From The Asian Reporter, V13, #9 (February 25-March 3, 2003), page 13.

Where journeys end and begin

Tomie’s Chair

By Josey Foo

Kaya Press, 2003

Paperback, 56 pages, $13.95

By Polo

Chinese Malaysian poet Josey Foo slipped into the U.S. as a college student almost 20 years ago. She stayed on in New York City as an undocumented woodworker, restaurant worker — you know the story. She earned her Master of Fine Arts from Brown University in 1990, the same year she got legal. Josey Foo is now a lawyer/advocate in Shiprock, capitol of the Navajo Indian nation. It makes you want to ask her why our government makes it so hard to do America good.

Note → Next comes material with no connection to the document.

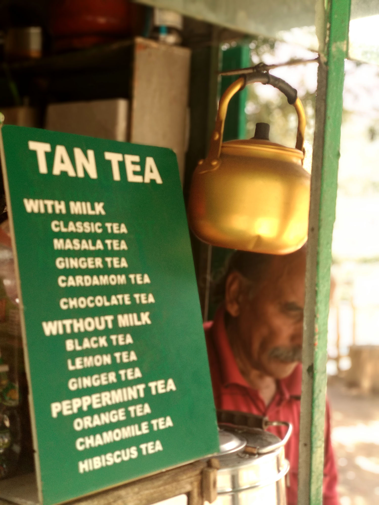 They have a small list of tea options available with and without milk. Close to the tea stall is their office and they have tea plantations in the same area. Visiting there everyday, I have now tried all of their tea options without milk, the ones which were available.

Ms. Foo’s second book, Tomie’s Chair, is inspired by artist Tomie Arai’s 1996 mixed-media installation "Arrival." In that exhibit, as well as in her other visual arts, Ms. Arai engages viewers in issues of cultural identity, particularly the living history of Asian America. The "Chair" in Ms. Foo’s book title Tomie’s Chair is an allegory of an immigrant’s outward and inward movements. We come to a chair from somewhere else, we go from a chair to another place, another life, another self. Ms. Foo’s chair is where each day’s work begins, it is also a place of rest and reflection. Tomie’s Chair provides the infinite space around which the author makes her poetic wanderings.

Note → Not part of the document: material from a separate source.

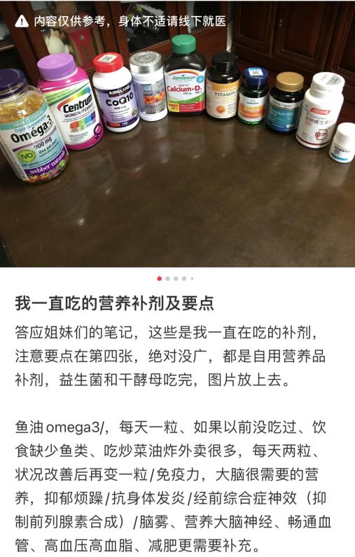 柯米并不喜欢“保健品”这一称呼,也并不认同小红书上泛滥的以“内服”为名的保健品软广告。 “保健品听起来像骗老人的无用之物。” 柯米说。他更倾向于用使用“膳食补充剂(Dietary Supplements)”这一更为“专业”的名词。

"I am raising my hands, clasped together, to my forehead," Ms. Foo says in her book’s foreword, "as I sit in the chair pretending to already have lost belief in order to move from over here, to there."

In her poem "Threshold," Ms. Foo seems stalled and troubled between an Old World and her new one, between rest and tension:

I have been finding the means to end my father’s

journey. To lie while soothed by dreams. To wish

to sit (while a place resembles otherwise).

To be able to say: "I am in the book. The book is my

world, my country, my roof, and my riddle. The book

is my breath and my rest."

The moment my father becomes a cardboard of an

ocean, to imagine: every emotion I feel is a finely

woven cloth. (maybe this is why we tell stories that

have no middles).

Ouch. What does it mean to be "in the (phone) book," if being there amounts to the totality of your world, your country, your roof, your riddle? And you have to wonder, even worry, about that fateful moment when your Old World father becomes a cardboard replica of an ocean. Tomie’s Chair is all about this kind of ambivalence and airiness. Ms. Foo is tender and terrifying. So much movement, silent, and not at all deliberate.